It is her business to some degree as another poster said. But I think it is good for her having a care for the horse. Yes the horse may be old and may have a medical condition or it not may be old or have any medical condition but she is CARING about this horse. You can't tell me if you go past a bit of a skinny or an unhealthy looking horse you don't think "He needs a little fat on him" or "He needs to be wormed a little".


----------



## WhoaNow (Jan 18, 2011)

Neglect of animals is everybody's business in a *public* boarding facility.
It puts other boarder's horses in jeopardy if this horse is ill, etc.
There is no harm in the OP inquiring into the condition of this horse. 
She has a right to know if there are any problems with this horse since she boards her own animals there.
But to physically do anything beyond 'inquiring' falls under the responsibility of the BO or BM.
JMO

Good luck with this horse,..., glad you care enough to make the effort:wink:


----------



## Speed Racer (Oct 21, 2009)

Beyond alerting the proper authorities, the OP has no right or say concerning this horse. 

She's severely overstepping her boundaries if she tries to take on the care and feeding of this animal.

It's fine to be concerned if the animal is as bad as reported, but this is not her horse, and legally she has no right to do anything with or to this animal.

This is similar to something that _almost_ happened to a horse I own. I had him boarded, and the BO had a kid who came out and cleaned stalls several times a week so she could get a horsey fix.

My gelding is very reactive, and at that time was a total spazz and head case. This kid decided that he needed to be 'Parellied', and that would magically fix him.

I told her, the BO, and the kid's mother in no uncertain terms that she was NOT to touch my horse, because he could be dangerous, and I sure as heck didn't want some snot nosed kid farking him up with her pwetty poneh Parelli ideas.

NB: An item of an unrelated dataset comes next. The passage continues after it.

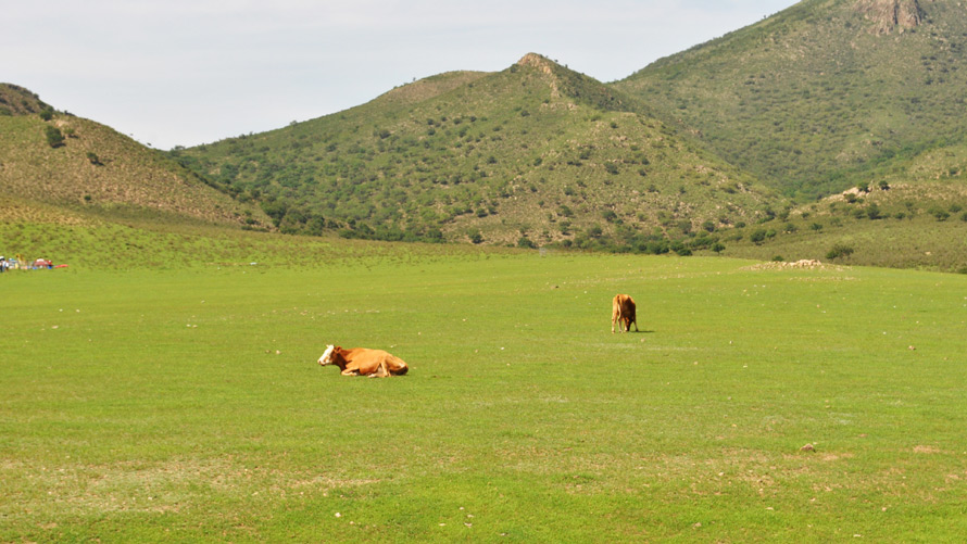 历史的风吹拂着今世的旷野,夏天的科尔沁草原绿草如茵,深呼吸一口,清新的草木味扑鼻而来,让人心旷神怡、如痴如醉。牛马和羊漫游在草原上,风吹草动,形成了一幅如诗如画的景象,正如北朝民歌“天苍苍,野茫茫,风吹草低见牛羊”。这片大地上处处都可以看见成百上千的羊群、马群和牛群,那些被碧绿的草原衬托得牛羊,在太阳下宛如绣在绿色缎面上的彩色图案。

Bottom line, this is _not_ the OP's horse. Being concerned is one thing. Trying to take over the animal because she doesn't believe it's being cared for properly is a whole 'nother ball of wax.


----------



## natisha (Jan 11, 2011)

WhoaNow said:


> Neglect of animals is everybody's business in a *public* boarding facility.
> It puts other boarder's horses in jeopardy if this horse is ill, etc.
> There is no harm in the OP inquiring into the condition of this horse.
> She has a right to know if there are any problems with this horse since she boards her own animals there.
> ...


I totally agree.
I'm a barn owner & board horses for people also. One horse owner seldom sees his horse & then only if I call him about a problem. He once went almost 2 years without seeing his horse. I take care of all the horse's needs. He's groomed, feet trimmed every 6-7 weeks, dewormed-anything he needs, plus treats & loving on. You would not be able to tell he has an absent owner. That's my job.
If I saw a horse here in need of something I would have it done way before it got out of hand. If there was a continuing problem I that I constantly had to nag the owner about I would ask them to leave.
If I had a trainer in who made those non-caring comments they would not be welcomed back. The comfort & safety of all the horses here are my main concern, regardless of who owns them.
The BO in question should be making regular rounds if they are not hands on daily or their staff should be reporting to them. I would inform them of the mare's condition.
BO's get a bad rap because some allow things like that to go on. It shouldn't be all about money. 
I feel that anyone who boards at my place has a vested interest in what goes on. This should be a calm happy retreat, not a place to be stressed over the neglect of another animal.
If more people spoke up & asked question we would hear fewer stories like this.
Remember, that same lack of caring & empathy may someday be directed at you or your horse.


----------



## Zimpatico (Nov 5, 2010)

I would be very concerned if a horse like this resided at my barn. Our BM/trainer would never allow a boarded horse get to this condition. If an animal is not being cared for, the owners would be asked to rectify the situation, and if they do not, they are then asked to leave. If the horse is in such a condition, I would move my horse out of there pronto, with a letter to the BO explaining why I was leaving. If I thought the horse was in pain, danger, or extremely poor health, and no one was doing anything about it, I see no problem in alerting Animal Control and letting them deal with the situation.


----------



## franknbeans (Jun 7, 2007)

Agree with Natisha totally. The OP has every right to ask anything she wants. If my trainer EVER told me to butt out in a situation similar to this, they would soon be my EX trainer. I am my own person, and I will ask questions when I think they are appropriate. If the person asking them has an issue with it, they, and only they, can tell me. My DH used to try and tell me what to say and not say too.....didn't fly for him, so it won;t fly for anyone else either.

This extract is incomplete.